# About this exercise
Only the images are to be dropped; the records themselves must be repeated exactly.
━━ Exercise material
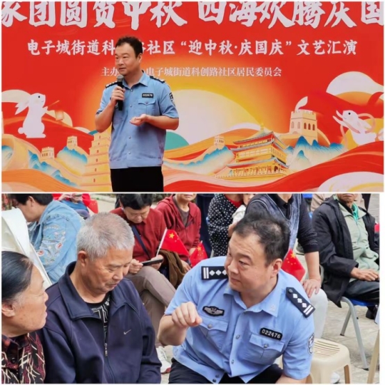 还有社区全体工作人员向大家呈现的情景剧社区之歌《我们的共同家园》,向大家展现了社区工作的方方面面,每个人都全身心融入角色,只为在舞台上唱响社区和谐旋律,展现共同家园的温暖。在此之后社区片区民警还向居民们讲述了反诈的系列知识,特别叮嘱现场的老年人们要谨防线上线下层出不穷的诈骗手段。
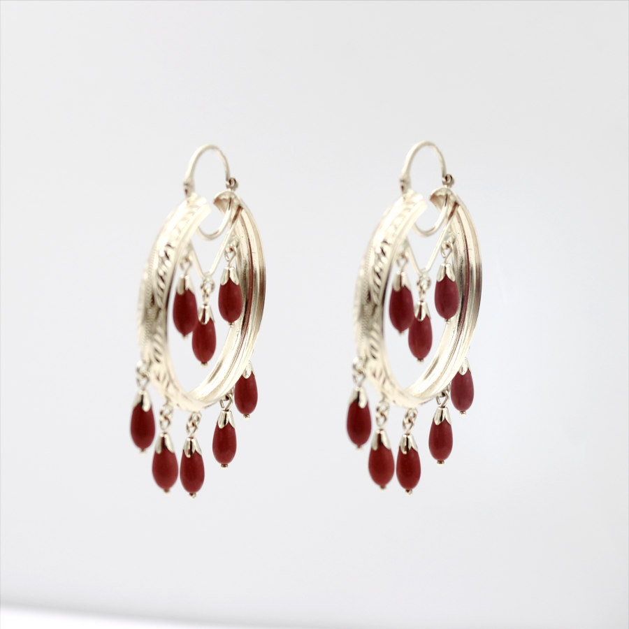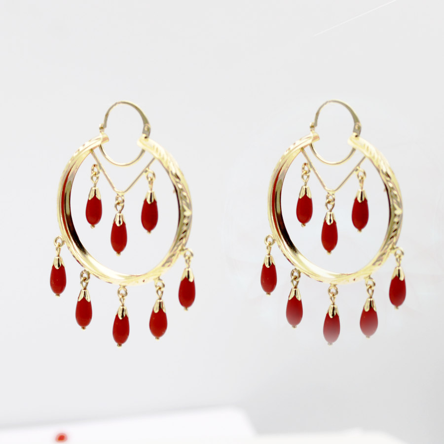 Los aros de Oro con corales en forma de lágrimas ofrecen un contraste cálido entre el brillo del oro y el tono rojizo característico del coral. Su acabado artesanal y su silueta en lágrima aportan elegancia discreta, frescura y un estilo natural, perfectos para realzar looks sofisticados o casuales. Una joya con presencia, color y diseño único, ideal para mujeres que buscan accesorios exclusivos y con carácter
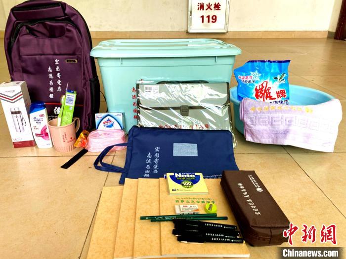 資料圖為京藏宏志班學生發(fā)放的學習、生活用品?!”本┰毓﹫D
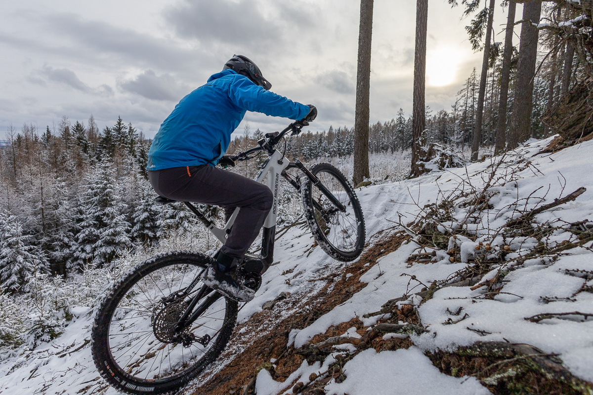 Tento eBike je dostatečně klidný a jistý ve výjezdech, technicky skutečně náročné nevyjímaje. Dokáže být zároveň příjemně hravý, obratný a pohotově reagující na běžných „zauzlovaných“ trailech. Stejně tak se s velkou chutí popere i s techničtějšími sjezdovými pasážemi. Jeho geometrie se přitom v obecné rovině kloní trochu více k agresivnější části spektra. Dost se tak podobá svému nemotorovému bratru, ač je o poctivých 6 kg těžší!
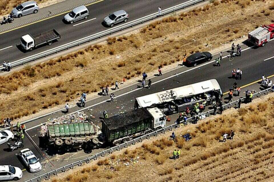 בשל עוצמת הפגיעה, חדרה המכולה לתוך צידו הימני של תא הנוסעים של האוטובוס. ממהירות האוטובוס ועוצמת ההתנגשות, המשיך האוטובוס להתקדם, תוך שהוא מתחכך עם הדופן הימנית שלו בדופן השמאלית של הנגרר והמשאית.
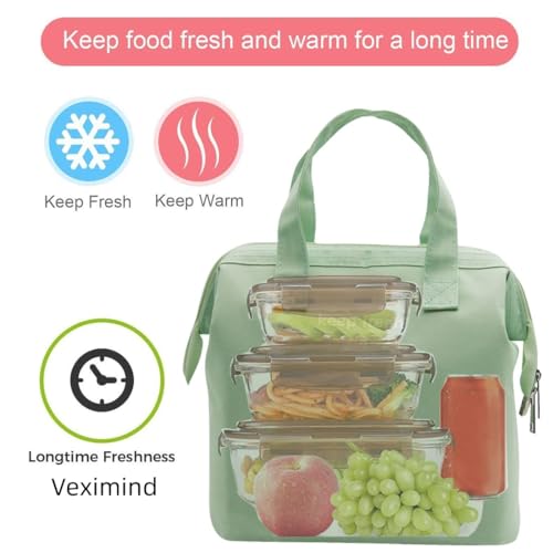 Veximind - لانش باج معزولة من فيكسيمايند، لانش باج بينتو بسيطة، لانش باج لحمل اللانش بوكس للنساء والرجال والبالغين في النزهات والعمل والمشي لمسافات طويلة والشاطئ (أخضر)
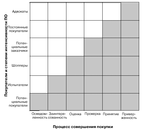 Так, повышение уровня осведомленности в отношении компании или ее товаров/услуг может быть важным пунктом для перехода покупателей из состояния потенциальных в состояние шопперов, но может не сыграть ни малейшей роли в передвижении со ступени потенциального заказчика на ступень адвоката. На рис. 1 описана взаимозависимость между интенсивностью ПО покупателей с компанией и процессов совершения покупки, через которые они проходят, увеличивая свою предпринимательскую и умственную долю в компании.
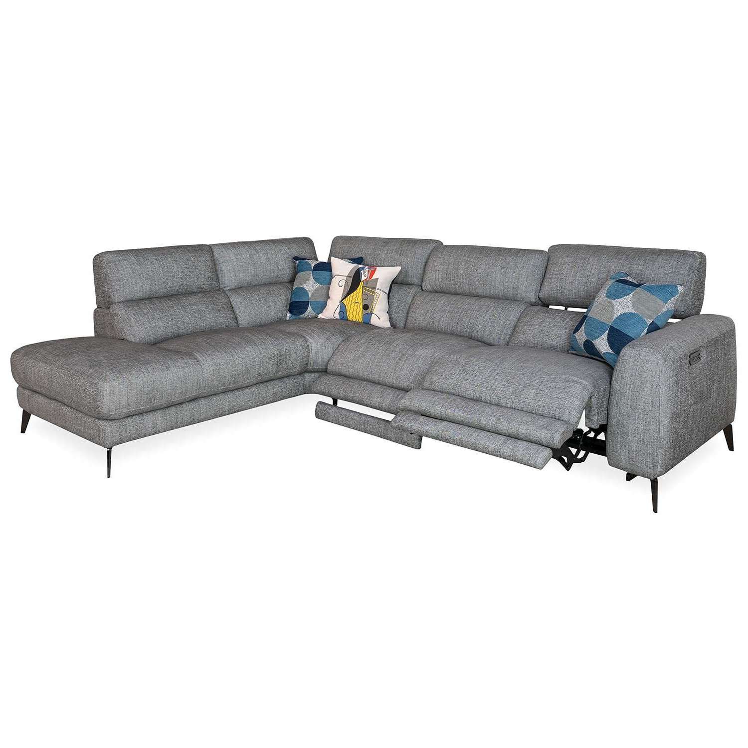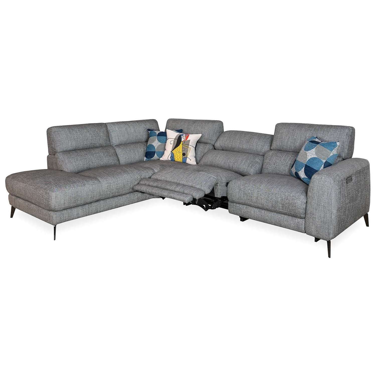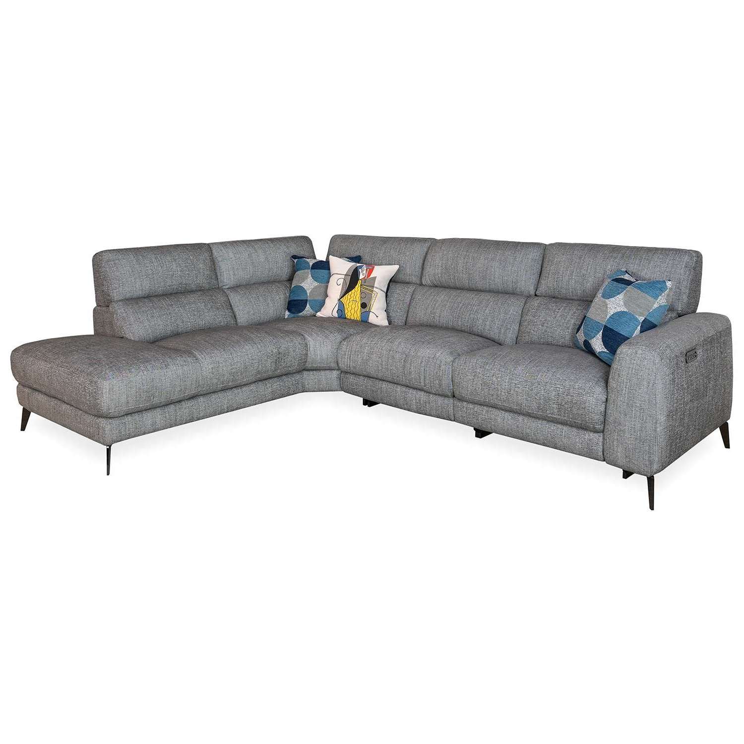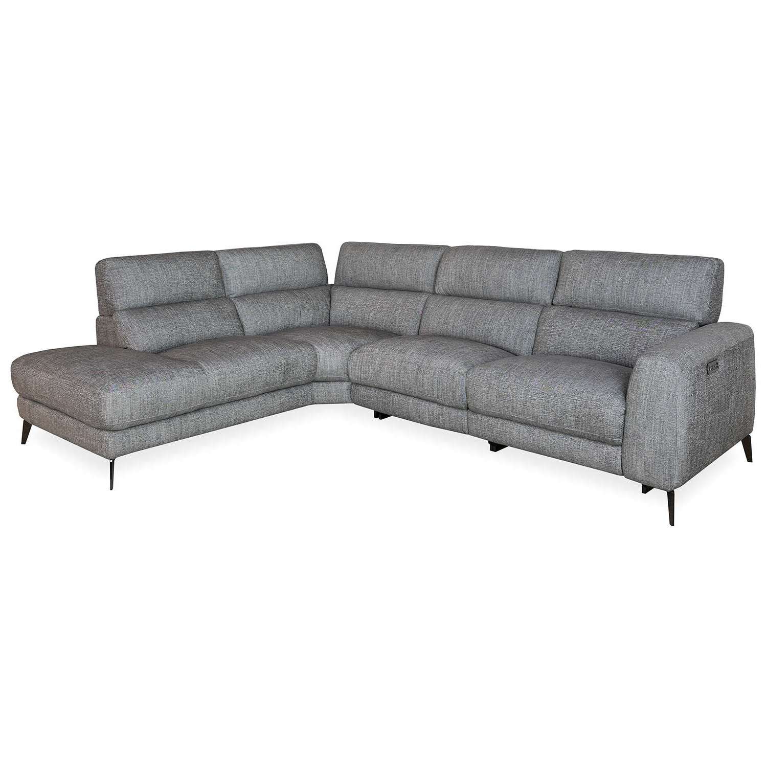 The Mackenzie Power Sectional has clean, contemporary style, with two power motion seats, soft charcoal grey fabric, and plush cushions with a buoyant feel. The power seats allow you to perfectly adjust the reclining angle of the footrests and headrests to your preference, while no-sag spring support in the cushioning ensures lasting comfort. Angular metal legs and a built-in USB port add the finishing touches to this timeless yet functional sectional.
━━━━
# Answer box
 还有社区全体工作人员向大家呈现的情景剧社区之歌《我们的共同家园》,向大家展现了社区工作的方方面面,每个人都全身心融入角色,只为在舞台上唱响社区和谐旋律,展现共同家园的温暖。在此之后社区片区民警还向居民们讲述了反诈的系列知识,特别叮嘱现场的老年人们要谨防线上线下层出不穷的诈骗手段。
 Los aros de Oro con corales en forma de lágrimas ofrecen un contraste cálido entre el brillo del oro y el tono rojizo característico del coral. Su acabado artesanal y su silueta en lágrima aportan elegancia discreta, frescura y un estilo natural, perfectos para realzar looks sofisticados o casuales. Una joya con presencia, color y diseño único, ideal para mujeres que buscan accesorios exclusivos y con carácter
 資料圖為京藏宏志班學生發(fā)放的學習、生活用品?!”本┰毓﹫D
 Tento eBike je dostatečně klidný a jistý ve výjezdech, technicky skutečně náročné nevyjímaje. Dokáže být zároveň příjemně hravý, obratný a pohotově reagující na běžných „zauzlovaných“ trailech. Stejně tak se s velkou chutí popere i s techničtějšími sjezdovými pasážemi. Jeho geometrie se přitom v obecné rovině kloní trochu více k agresivnější části spektra. Dost se tak podobá svému nemotorovému bratru, ač je o poctivých 6 kg těžší!
 בשל עוצמת הפגיעה, חדרה המכולה לתוך צידו הימני של תא הנוסעים של האוטובוס. ממהירות האוטובוס ועוצמת ההתנגשות, המשיך האוטובוס להתקדם, תוך שהוא מתחכך עם הדופן הימנית שלו בדופן השמאלית של הנגרר והמשאית.
 Veximind - لانش باج معزولة من فيكسيمايند، لانش باج بينتو بسيطة، لانش باج لحمل اللانش بوكس للنساء والرجال والبالغين في النزهات والعمل والمشي لمسافات طويلة والشاطئ (أخضر)
 Так, повышение уровня осведомленности в отношении компании или ее товаров/услуг может быть важным пунктом для перехода покупателей из состояния потенциальных в состояние шопперов, но может не сыграть ни малейшей роли в передвижении со ступени потенциального заказчика на ступень адвоката. На рис. 1 описана взаимозависимость между интенсивностью ПО покупателей с компанией и процессов совершения покупки, через которые они проходят, увеличивая свою предпринимательскую и умственную долю в компании.
 The Mackenzie Power Sectional has clean, contemporary style, with two power motion seats, soft charcoal grey fabric, and plush cushions with a buoyant feel. The power seats allow you to perfectly adjust the reclining angle of the footrests and headrests to your preference, while no-sag spring support in the cushioning ensures lasting comfort. Angular metal legs and a built-in USB port add the finishing touches to this timeless yet functional sectional.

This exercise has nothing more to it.